Sepsis, the most frequent cause of ARDS, has an incidence of 751,000 per year in the United States and a mortality rate of 28.6% (9, 10). Despite the vast armory of antimicrobial and antiinflammatory agents, decades of research, and the use of well-controlled study designs, most clinical trials evaluating potential therapies for sepsis have failed (11). Concurrently, understanding of sepsis has improved from its early conceptualization as excessive inflammation due to interrelated host responses occurring in distinct (albeit overlapping) stages involving the systemic inflammatory response syndrome, sepsis, and septic shock, which result in multiple-organ dysfunction syndrome and death (commonly resulting from cardiovascular collapse) (12, 13). This sequence of events is associated with progressive worsening of an imbalance between proinflammatory (e.g., TNF-α) and antiinflammatory (e.g., IL-10) mediators (14), which creates the immunosuppressed state referred to as immune paralysis (11, 15–17) and increases infection susceptibility and mortality (18); these outcomes have been documented in animal models (19) and in humans (20). Sepsis is also associated with functional disruption of multiple immune cell types, including neutrophils (21, 22), monocytes (23, 24), natural killer cells (25), dendritic cells (26), and lymphocytes (15, 27, 28); however, the question of how such abnormalities contribute to ARDS development remains unanswered.

Recently, an open-label trial of systemic IFN-β improved 28-day survival in patients with ARDS (29). IFN-β is a type I IFN family member usually produced in response to viral infections and various pathogen-associated molecules (e.g., LPS), and it exerts pleiotropic effects such as viral inhibition, tumor killing, and immune modulation (30, 31). IFN-β also stimulates expression of ecto-5′-nucleotidase (CD73) in cultured endothelial cells (32) and in human lung tissue explants (29), which is associated with increased adenosine production, improved endothelial barrier function, and reduced vascular leakage, suggesting that IFN-β may function to reduce pulmonary edema. In murine models of sepsis and endotoxin-induced shock, IFN-β improves survival, possibly by silent mating type information regulation 2 homolog 1–mediated suppression of exaggerated cytokine expression (33). Thus, IFN-β holds promise as a disease-specific therapy for ARDS, but there is insufficient knowledge about its potential therapeutic benefits.

Using an established, clinically relevant, “two-hit” sepsis model (cecal ligation and puncture [CLP]) followed by Pseudomonas aeruginosa–induced pneumonia (19, 34), we investigated the mechanism of sepsis/pneumonia-related mortality and the therapeutic effects of IFN-β administration in mice. The results revealed that antecedent sepsis affects impaired innate immunity in the lungs, especially the effector (phagocytosis) and regulatory (cytokine/chemokine secretion) functions of alveolar macrophages (AMs), and also that it reduces neutrophil migration into alveoli and causes severe acute lung injury (ALI)/ARDS and, consequently, increased mortality. Significantly, all of these abnormalities were improved by IFN-β therapy.

Methods

Sepsis-related ARDS Model

Additional methodological details are included in the data supplement. All studies were conducted using procedures approved by the Institutional Review Board at the University of Tokyo Graduate School of Medicine (Tokyo, Japan).

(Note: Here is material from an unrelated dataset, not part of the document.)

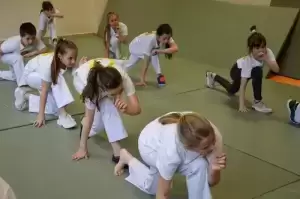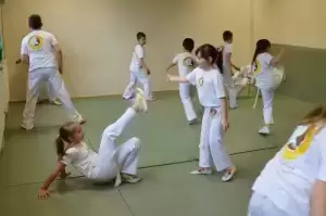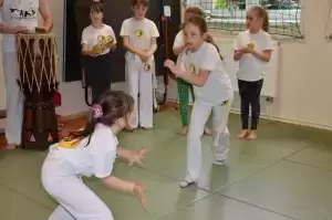 Treningi capoeiry rozpoczynają się od rozgrzewki. Dla dzieci przygotowane są gry i zabawy rozwijające ich sprawność, motorykę, zwinność, szybkość i siłę. - Później robimy gwiazdy, stanie na rękach, kopnięcia, uniki, bo capoeira jest mimo wszystko sztuką walki, a nie tańcem - tłumaczy trener. Kopnięcia są najciekawszą częścią treningu według 8-letniej Mai, która dołączyła do grupy na początku roku i bardzo szybko odnalazła się w tym akrobatycznym sporcie. - Już wcześniej umiałam gwiazdy i szpagaty - dodaje wysportowana uczennica.
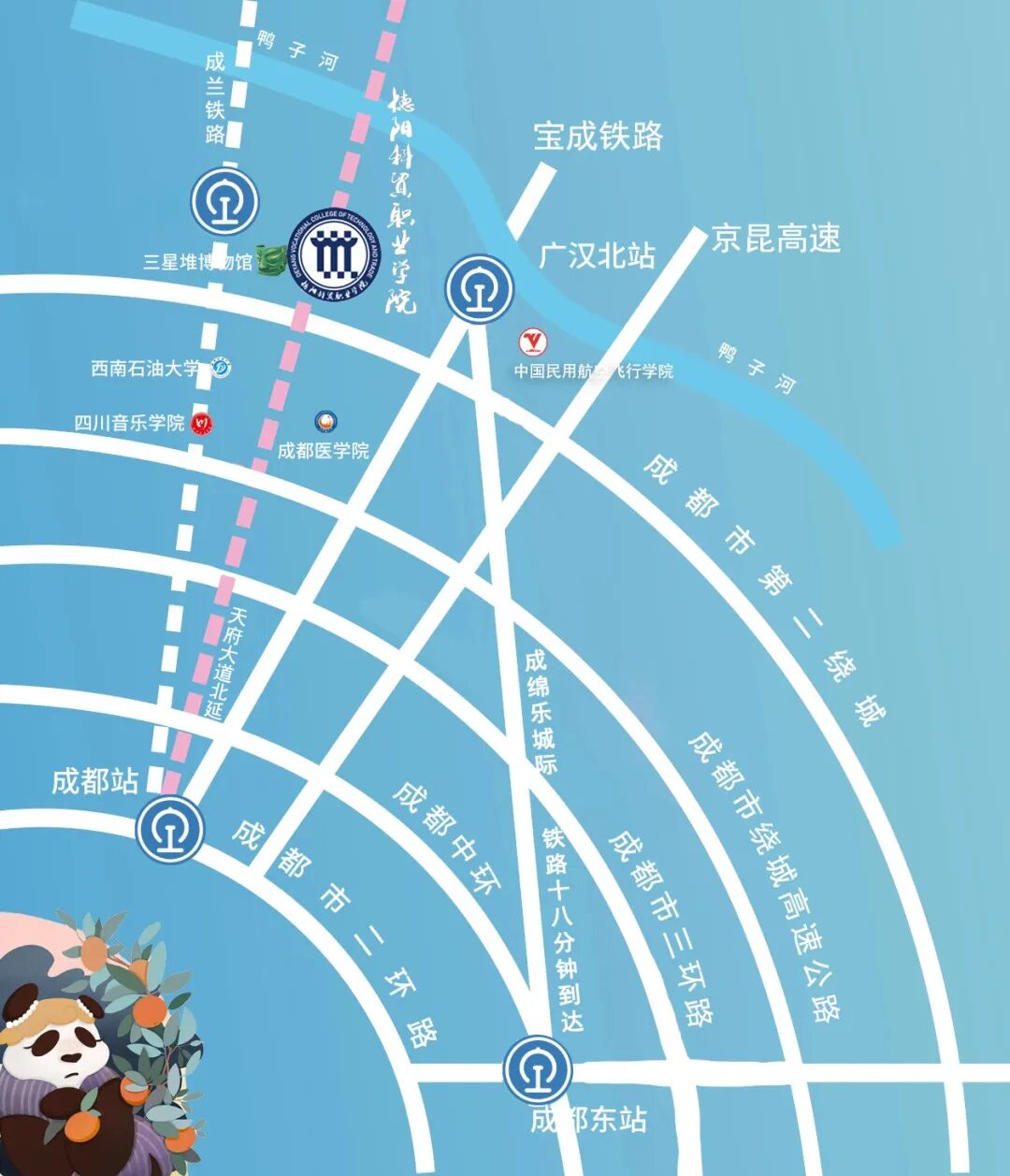 我校位于德阳高职教改综合实验区广汉市三星堆大道东段122号。与“三星堆”作邻,感受古蜀文明,传承千年历史。学院距广汉高铁站驾车约7分钟。从广汉北站乘坐高铁18分钟即可直达成都市东站。学院处成都半小时经济圈内,有两条高速围绕(京昆高速和成都第二绕城高速)。其距市中心车程5分钟。地理位置优越,交通便捷,生活便利。

On Day −4, sepsis (“hit 1”) was induced in male C57BL/6JJcl mice by CLP (19, 35) in selected cohorts. Sham laparotomy was conducted for control animals. On Day −1, mouse groups received subcutaneous IFN-β (700,000 U/kg; PBL Assay Science) or saline. On Day 0, pneumonia (“hit 2”) was induced by intratracheal instillation of P. aeruginosa (ATCC27853; American Type Culture Collection) as described by Robertson and colleagues (36). For control animals, normal saline was administered intratracheally.

Sepsis, Survival, and Lung Injury

Survival was evaluated over the entire 11-day study period. Lung injury was quantified using a lung histopathology score (measured according to American Thoracic Society recommendations) (37), tissue myeloperoxidase (MPO) activity, and protein/albumin concentrations as well as cytokine concentrations in BAL fluid (BALF) at the indicated times. Bacterial burden within the lungs was evaluated with colony counts in BALF. Lung tissue expression of Ly6g/c was evaluated by immunohistochemistry with antimouse Ly6g/c rat IgG (Abcam).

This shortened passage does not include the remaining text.